Exercise.
It is required that the lines from the top of the listing through the line with "萊妮紙:紙張表面呈十字型紋路,為紅包袋常用材質,顏色印刷色澤較深沉。" be reproduced exactly, excluding pictures.
[Start of section]
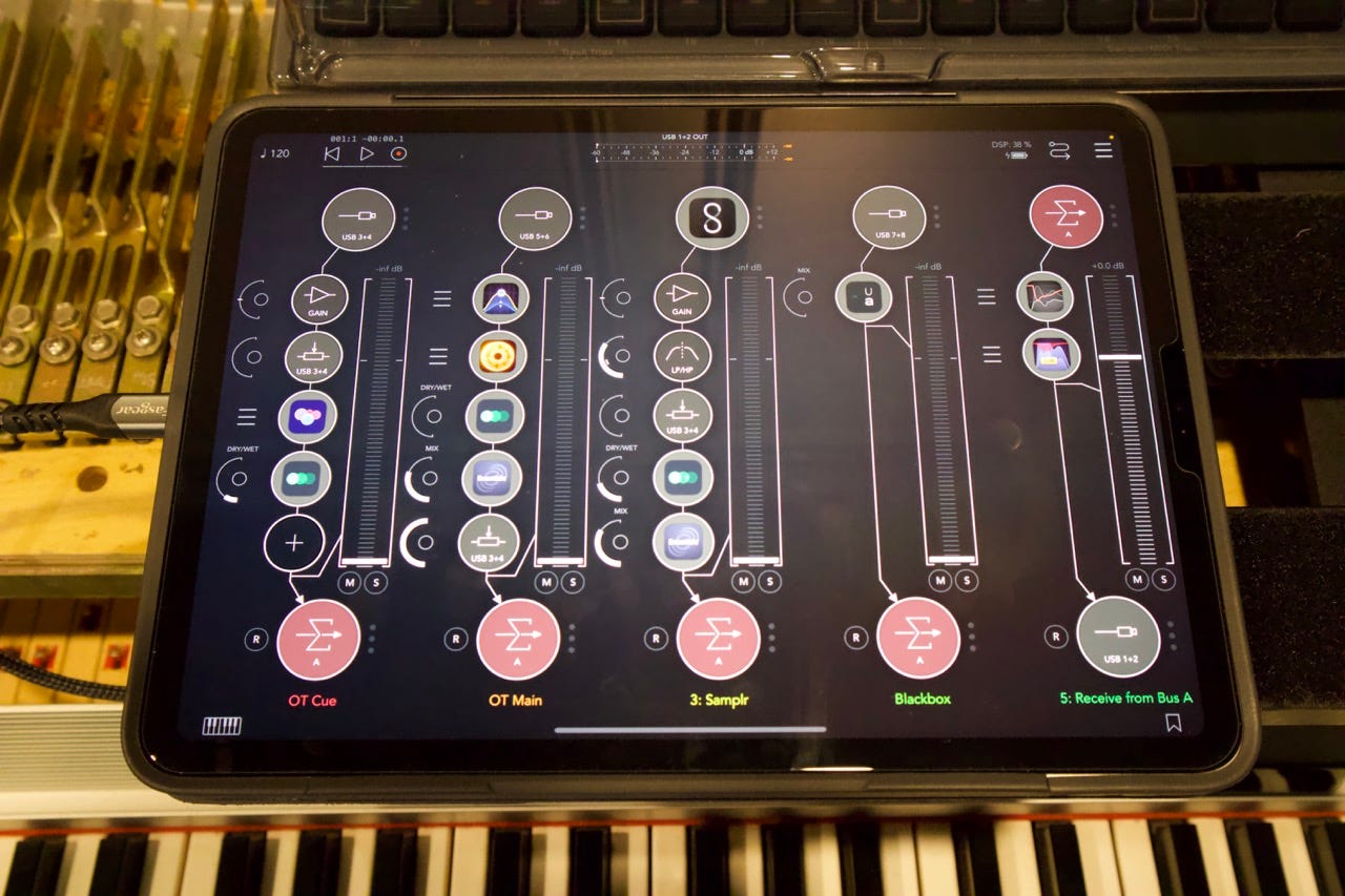 Of course, iPad is here, too, as a do-it-all utility device: sampling, looping, effects processing, mixing, and recording.
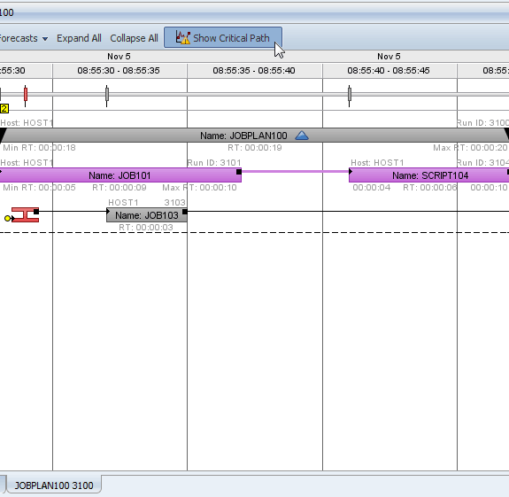 2. Wir navigieren zum Aufgabenbalken "JOBPLAN3" und erweitern diesen. Dieser Workflow enthält drei untergeordnete Aufgaben (siehe unten). Beim realistischen Prognose-Modus endet der Workflow um 09:05:02 Uhr.
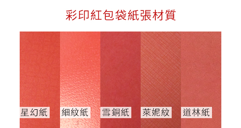 萊妮紙:紙張表面呈十字型紋路,為紅包袋常用材質,顏色印刷色澤較深沉。
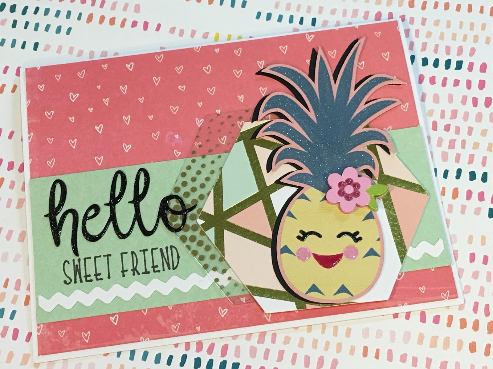 Hello Friends! Today I have a very sweet kawaii inspired card to share with you. I created this card in Cricut Design Space and all the images are available if you have the Cricut Access Subscription. I have been wanting to create a kawaii card with my Cricut for some time and I really wanted her to be a pineapple card. The Cricut Design Space cut file and assemble video are towards the end of this post.
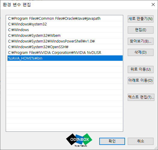 그리고 마지막으로 시스템 변수 Path부분을 더블 클릭 후 아래와 같이 맨 밑에 한줄 추가하고 확인을 누르게 되면 환경 변수 설정은 끝나게 됩니다.
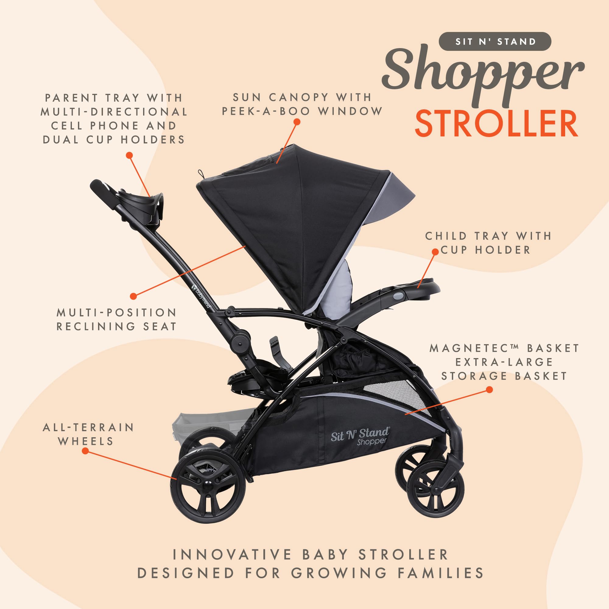 Multi-Use Baby Stroller: Baby stroller with a lightweight frame and streamlined design, ideal for growing families with 5 models to accommodate your family growing, including Car Seat N' Stand, Car Seat N' Shop, Sit N' Shop, Sit N' Sit, and Sit N' Stand
[End of section]
Task answer.
 Of course, iPad is here, too, as a do-it-all utility device: sampling, looping, effects processing, mixing, and recording.
 2. Wir navigieren zum Aufgabenbalken "JOBPLAN3" und erweitern diesen. Dieser Workflow enthält drei untergeordnete Aufgaben (siehe unten). Beim realistischen Prognose-Modus endet der Workflow um 09:05:02 Uhr.
 萊妮紙:紙張表面呈十字型紋路,為紅包袋常用材質,顏色印刷色澤較深沉。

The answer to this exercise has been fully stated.